Programming in Lua | ||
Part III. The Standard Libraries Chapter 20. The String Library |
20.2 - Patterns
You can make patterns more useful with character classes. A character class is an item in a pattern that can match any character in a specific set. For instance, the class %d
matches any digit. Therefore, you can search for a date in the format dd/mm/yyyy
with the pattern '%d%d/%d%d/%d%d%d%d
':
s = "Deadline is 30/05/1999, firm" date = "%d%d/%d%d/%d%d%d%d" print(string.sub(s, string.find(s, date))) --> 30/05/1999
The following table lists all character classes:
. | all characters |
%a | letters |
%c | control characters |
%d | digits |
%l | lower case letters |
%p | punctuation characters |
%s | space characters |
%u | upper case letters |
%w | alphanumeric characters |
%x | hexadecimal digits |
%z | the character with representation 0 |
An upper case version of any of those classes represents the complement of the class. For instance, '%A
' represents all non-letter characters:
print(string.gsub("hello, up-down!", "%A", ".")) --> hello..up.down. 4
(The 4
is not part of the result string. It is the second result of gsub
, the total number of substitutions. Other examples that print the result of gsub
will omit this count.)
Some characters, called magic characters, have special meanings when used in a pattern. The magic characters are
( ) . % + - * ? [ ^ $
The character `%
´ works as an escape for those magic characters. So, '%.
' matches a dot; '%%
' matches the character `%
´ itself. You can use the escape `%
´ not only for the magic characters, but also for all other non-alphanumeric characters. When in doubt, play safe and put an escape.
For Lua, patterns are regular strings. They have no special treatment and follow the same rules as other strings. Only inside the functions are they interpreted as patterns and only then does the `%
´ work as an escape. Therefore, if you need to put a quote inside a pattern, you must use the same techniques that you use to put a quote inside other strings; for instance, you can escape the quote with a `/
´, which is the escape character for Lua.
A char-set allows you to create your own character classes, combining different classes and single characters between square brackets. For instance, the char-set '[%w_]
' matches both alphanumeric characters and underscores, the char-set '[01]

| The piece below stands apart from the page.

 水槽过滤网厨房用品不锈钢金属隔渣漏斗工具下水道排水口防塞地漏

' matches binary digits, and the char-set '[%[%]]
' matches square brackets. To count the number of vowels in a text, you can write
_, nvow = string.gsub(text, "[AEIOUaeiou]", "")

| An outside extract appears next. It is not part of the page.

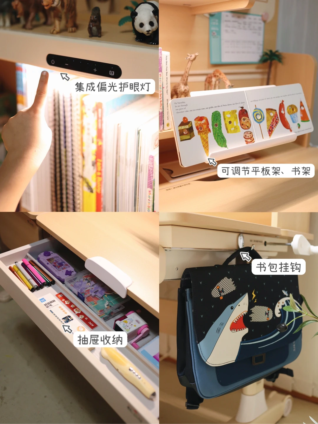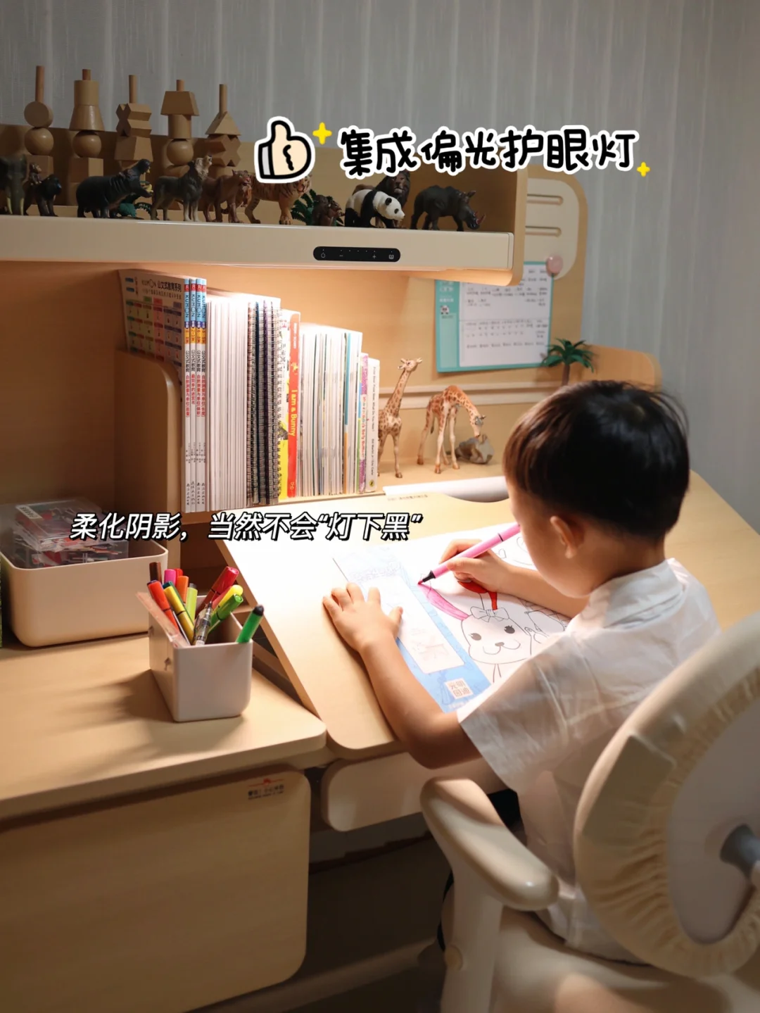 ✔️特别喜欢的就是它的集成偏光护眼灯的设计,护眼灯位于桌子的中央,不仅不会占用桌面的空间,也让照射范围变大更大了,不会直射宝宝的眼睛👀光线也更加的柔和,长时间做作业或者画画也不会感觉灯光昏沉,4000K色温模拟早晨8点的自然晨光,提升专注力和学习效率

You can also include character ranges in a char-set, by writing the first and the last characters of the range separated by a hyphen. You will seldom need this facility, because most useful ranges are already predefined; for instance, '[0-9]
' is simpler when written as '%d
', '[0-9a-fA-F]
' is the same as '%x
'. However, if you need to find an octal digit, then you may prefer '[0-7]
', instead of an explicit enumeration ('[01234567]
'). You can get the complement of a char-set by starting it with `^
´: '[^0-7]
' finds any character that is not an octal digit and '[^/n]
' matches any character different from newline. But remember that you can negate simple classes with its upper case version: '%S
' is simpler than '[^%s]
'.
Character classes follow the current locale set for Lua. Therefore, the class '[a-z]
' can be different from '%l
'. In a proper locale, the latter form includes letters such as `ç
´ and `ã
´. You should always use the latter form, unless you have a strong reason to do otherwise: It is simpler, more portable, and slightly more efficient.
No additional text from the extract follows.